Google plans to block Flash on Chrome this year

Sundar Pichai, then senior vice president of Google Chrome, speaks during the Google I/O Conference in San Francisco, California, June 28, 2012. Pichai is now CEO of Google.

REUTERS/Stephen Lam

Google is ready to say goodbye to Flash. Those who use Google's Chrome web browser will find that Adobe's Flash player extension will be phased out by the end of the year in favor of HTML5 as the default media player plugin. Only 10 websites will be exempt from the change, ZDNet reports.

Until the switch is officially made, Flash will continue to be bundled with the Chrome browser, but it will no longer just immediately load the Flash player on sites that use it.

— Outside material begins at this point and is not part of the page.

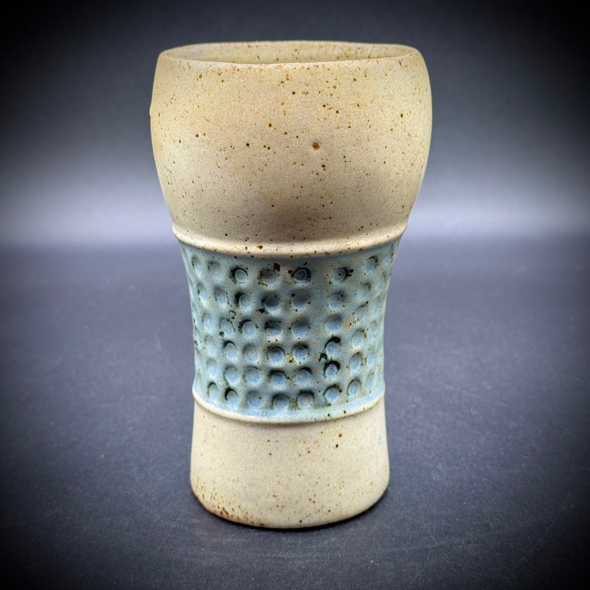 Vintage Uctci Pottery MCM Speckled Stoneware Face Vase Japan

What's behind the switch? Google is looking to steer away from Flash given that it frequently leaves users' devices vulnerable to bugs. Many of these flaws have been lessened since Flash has been bundled with Chrome, ensuring users update to the latest version of the software right as Adobe makes a software patch available.

Google outlined its plan to phase out the Adobe plugin in a slideshow presentation on why it would convert to HTML5 for users to play media.

The top 10 websites using the player will be exempt for a year, including such popular sites as YouTube, Facebook, Yahoo, Twitch and Amazon. This exemption will expire after one year, CNET reports.

This Flash-less future is not just in Google's sights. Adobe itself has announced that it plans to move toward HTML5. Late last year, Adobe announced that Flash Professional CC would be renamed Adobe Animate CC in a move to phase out the long-used plugin.

"Why the change? The use of open web standards and HTML5 has become the dominant standard on the web," Adobe wrote in a blog post.

Google stated that the new HTML5 framework will enable previous Flash sites to run through the browser. There will be a policy setting for "always run Flash content" in the new system, which will also be found under Chrome's "Content Settings."